Изменить размер шрифта - +

У кого, кроме Брюсова, могло возникнуть уподобление мечты — волу? Вспомним Бальмонта, Вячеслава, Блока, Сологуба — говорю лишь о поэтах его поколения (почему выпадает Белый?) — кто бы, в какой час последнего изнеможения, произнес это «мечта — вол». Если бы вместо мечты — воля, стих был бы формулой.

Поэт воли. Действие воли, пусть кратко, в данный час беспредельно. Воля от мира сего, вся здесь, вся сейчас. Кто так властвовал над живыми людьми и судьбами, как Брюсов? Бальмонт? К нему влеклись. Блок? Им болели. Вячеслав? Ему внимали. Сологуб? О нем гадали. И всех — заслушивались. Брюсова же — слушались. Нечто от каменного гостя было в его появлениях на пирах молодой поэзии — Жуана. Вино оледеневало в стаканах. Под дланью Брюсова гнулись, не любя, и иго его было тяжко. «Маг», «Чародей», — ни о зачаровывающем Бальмонте, ни о магическом Блоке, ни о рожденном чернокнижнике — Вячеславе, — ни о ненашем Сологубе, — только о Брюсове, об этом бесстрастном мастере строк. В чем же сила? Что за чары? Нерусская и нерусские: воля, непривычная на Руси, сверхъестественная, чудесная в тридевятом царстве, где, как во сне, все возможно. Все, кроме голой воли. И на эту голую волю чудесное тридевятое царство Души — Россия — польстилась, ей поклонилась, под ней погнулась. На римскую волю московского купеческого сына откуда‑то с Трубной площади.

Сказка?

Мне кажется, Брюсов никогда не должен был видеть снов, но, зная, что поэты их видят, заменял невиденные — выдуманными.

Не отсюда ли — от невозможности просто увидеть сон — грустная страсть к наркотикам?

Брюсов. Брюс. (Московский чернокнижник 18–го века.) Может быть, уже отмечено. (Зная, что буду писать, своих предшественников в Брюсове не читала, — не из страха совпадения, из страха, в случае перехулы, собственного перехвала.) Брюсов. Брюс. Созвучие не случайное. Рационалисты, принимаемые современниками за чернокнижников. (Просвещенность, превращающаяся на Руси в чернокнижие.)

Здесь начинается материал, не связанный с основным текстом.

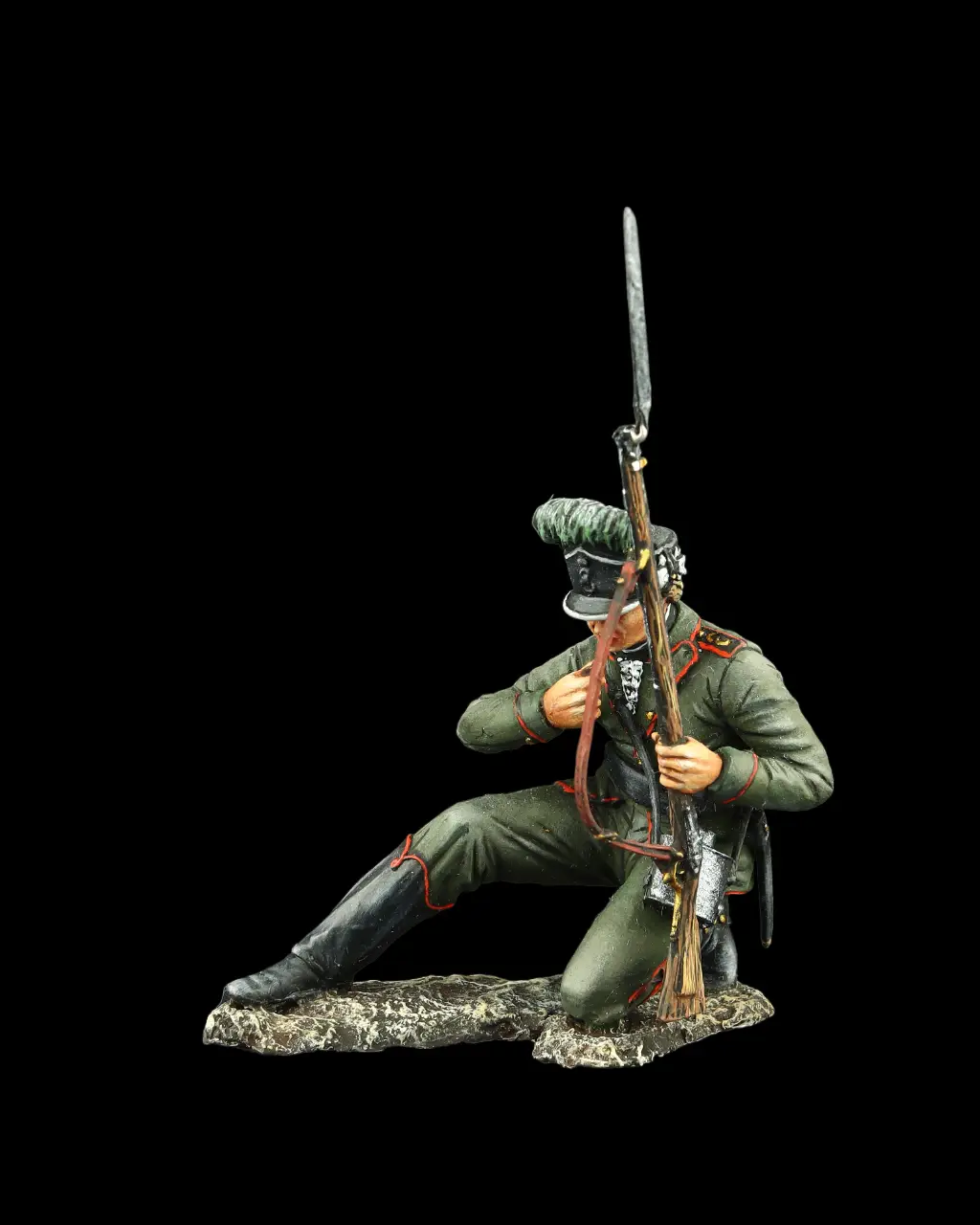 Егерь Лейб-Гвардии Измайловского полка выполняет команду «Скуси патрон!» 1788-1796 гг. Производители: «Silver Dream Studio» и «Chronos-Miniatures»

Судьба и сущность Брюсова трагичны. Трагедия одиночества? Творима всеми поэтами.

…Und sind ihr ganzes Leben so allein…

(Рильке о поэтах)

Трагедия пожеланного одиночества, искусственной пропасти между тобою и всем живым, роковое пожелание быть при жизни — памятником. Трагедия гордеца с тем грустным удовлетворением, что, по крайней мере, сам виноват. За этот памятник при жизни он всю жизнь напролом боролся: не долюбить, не передать, не снизойти.

Хотел бы я не быть Валерий Брюсов — только доказательство, что всю жизнь свою он ничего иного не хотел. И вот, в 1922 г. пустой пьедестал, окруженный свистопляской ничевоков, никудыков, наплеваков. Лучшие — отпали, отвратились. Подонки, к которым он тщетно клонился, непогрешимым инстинктом низости чуя— величие, оплевывали («не наш! хорош!»). Брюсов был один. Не один над (мечта честолюбца), один — вне.

«Хочу писать по — новому, — не могу!» Это признание я собственными ушами слышала в Москве, в 1920 г. с эстрады Большого зала Консерватории. (Об этом вечере — после.) Не могу! Брюсов, весь смысл которого был в «могу», Брюсов, который, наконец, не смог!

В этом возгласе был — волк. Не человек, а волк. Человек — Брюсов всегда на меня производил впечатление волка. Так долго— безнаказанного! С 1918 г. по 1922 г. — затравленного. Кем? Да той же поэтической нечистью, которая вопила умирающему (умер месяц спустя) Блоку: «Да разве вы не видите, что вы мертвы? Вы мертвец! Вы смердите! В могилу!» Поэтической нечистью: кокаинистами, спекулянтами скандала и сахарина, с которой он, мэтр, парнасец, сила, чары, братался. Которой, подобострастно и жалобно, подавал — в передней своей квартиры — пальто.